This year is kinda cool. We have three Friday the 13ths and it’s Leap Year. Plus we have Project Don’twritecrapway coming up. And we’ll have a few writing marathons. There’s Writing and Illustrating for Young Readers. Sigh. I can almost smile about what’s coming up!*

I’ve talked before about what I think of goal making. I’m kinda crazy about setting goals. I like to writing a million things down. I like to scratch things off the list.

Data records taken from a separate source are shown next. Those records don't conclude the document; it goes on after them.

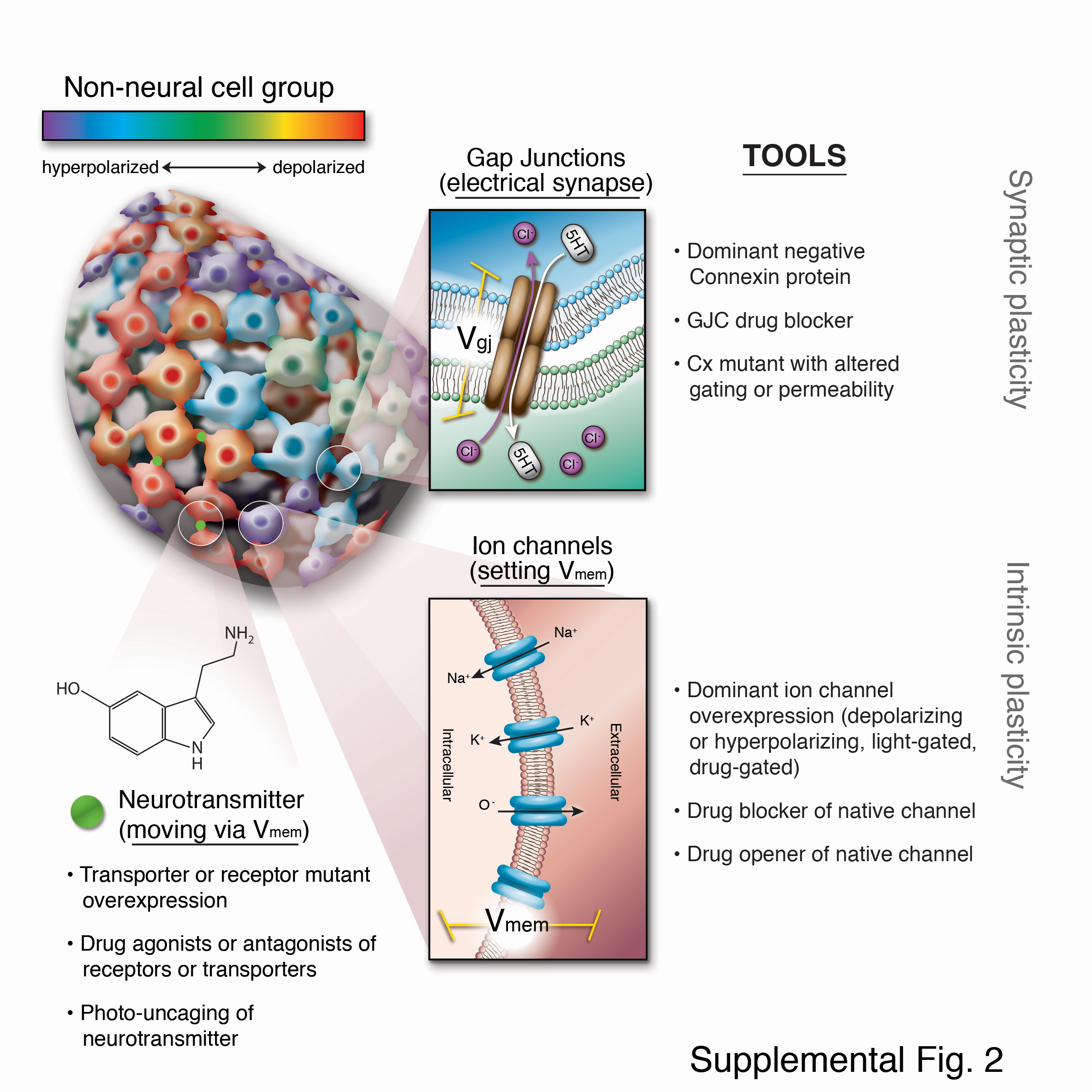 Illustration – Gap junctions, Ion channels, Neurotransmitter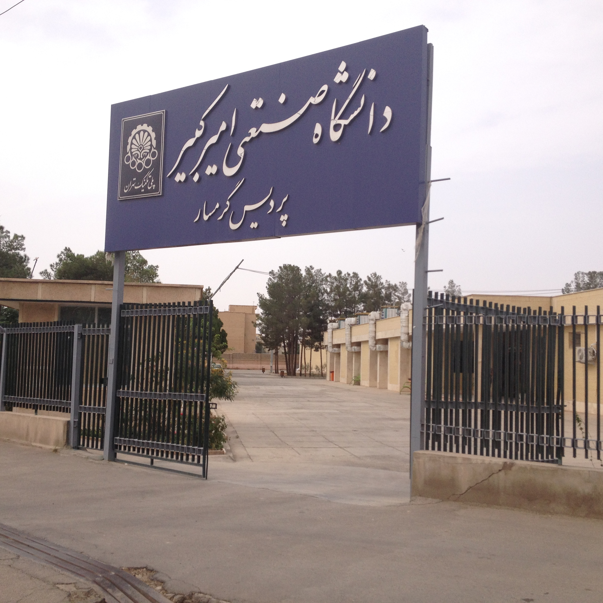 Amirkabir University of Technology (AUT) - Garmsar Branch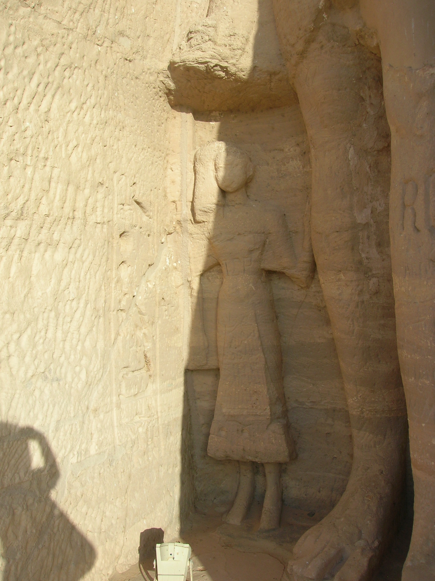 A statue of Prince Parewerhenemef, the second son of Pharaoh Ramesses II and Queen Nefertari, at Abu Simbel (facade of smaller temple).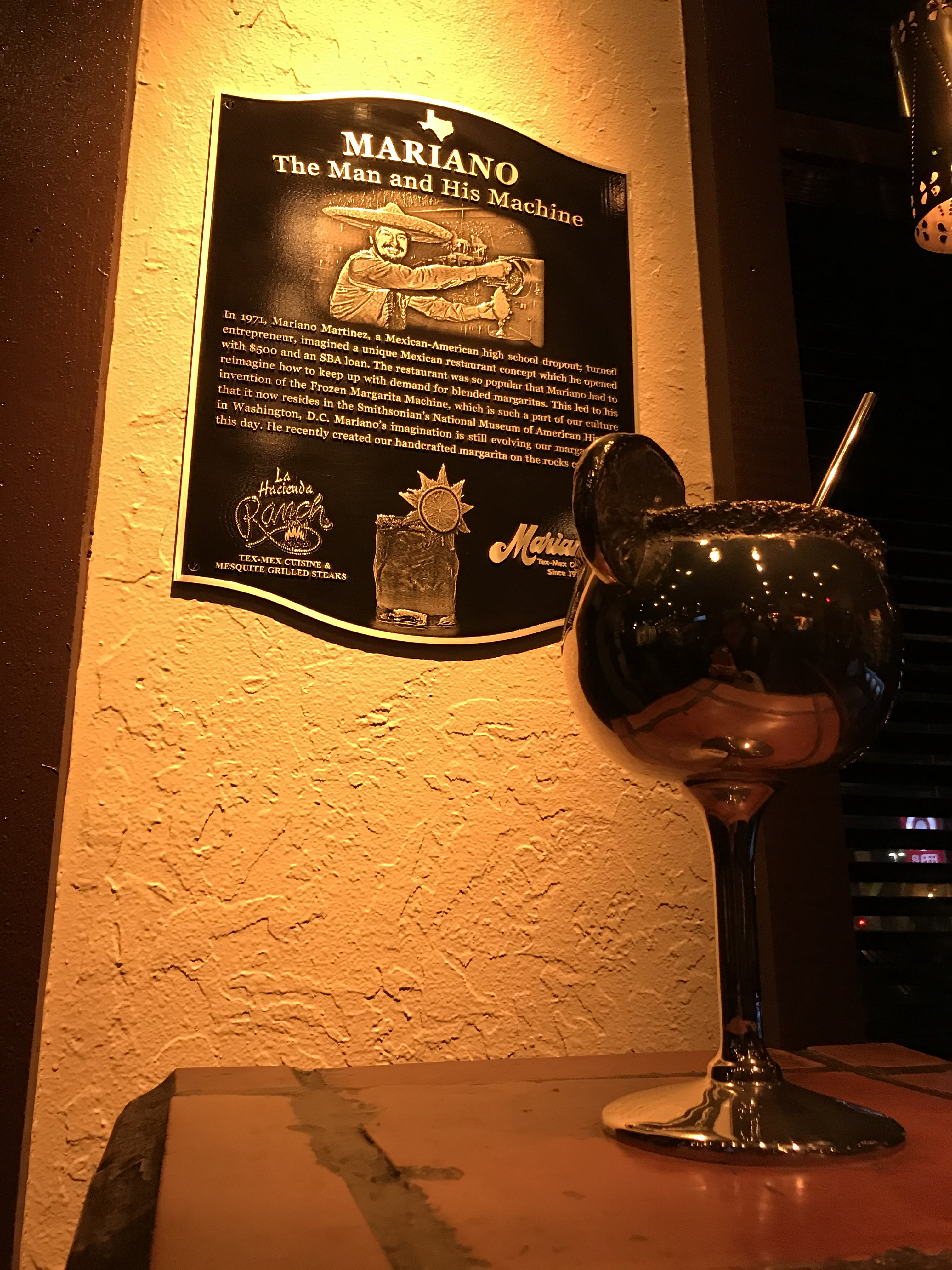 Mariano Martinez - Inventor of Margarita Machine

Example of one of my lists.

1. Make goals.
2. Break big goals into little goals.
3. Make sure that each goal is small enough to achieve.
4. Make sure even unattainable goals are attainable.
5. Have no fewer than 236 goals for the year.

So, you get the picture.

Two weeks ago I started writing down my goals. I had end-of-the-year goals. Goals to help-me-be prepared-for-the-New-Year’s goals. Last-week-of-the-year goals. Last-three-days-of-the-year goals. Last-day-of-the-year goals. I’ve made quite a few but I keep losing the papers I’ve written these on. This is distressing. But then I remake my goals and . . .

Here’s what dictionary.com says the definition of a goal is:

goal [gohl]
noun
1. the result or achievement toward which effort is directed; aim; end.
2. the terminal point in a race.
3. a pole, line, or other marker by which such a point is indicated.

Writing is a race, right? We’re headed toward the end of our novels, and we hope to get the work done in a timely matter. It’d be cool if we won some awards for our work. One award, of course, is selling what we wrote. Another awards might be actually winning awards for what we write.

Rick Walton gave me great advice many years ago– “Make goals you can achieve, Carol.”
What?! Winning the Newbery isn’t a worthy goal?
Sure it is! The problem is, you don’t have that much control over making sure you win awards–unless you have friends in high places.

Kahlil Gibran said, “The significance of a man is not in what he attains but in what he longs to attain.”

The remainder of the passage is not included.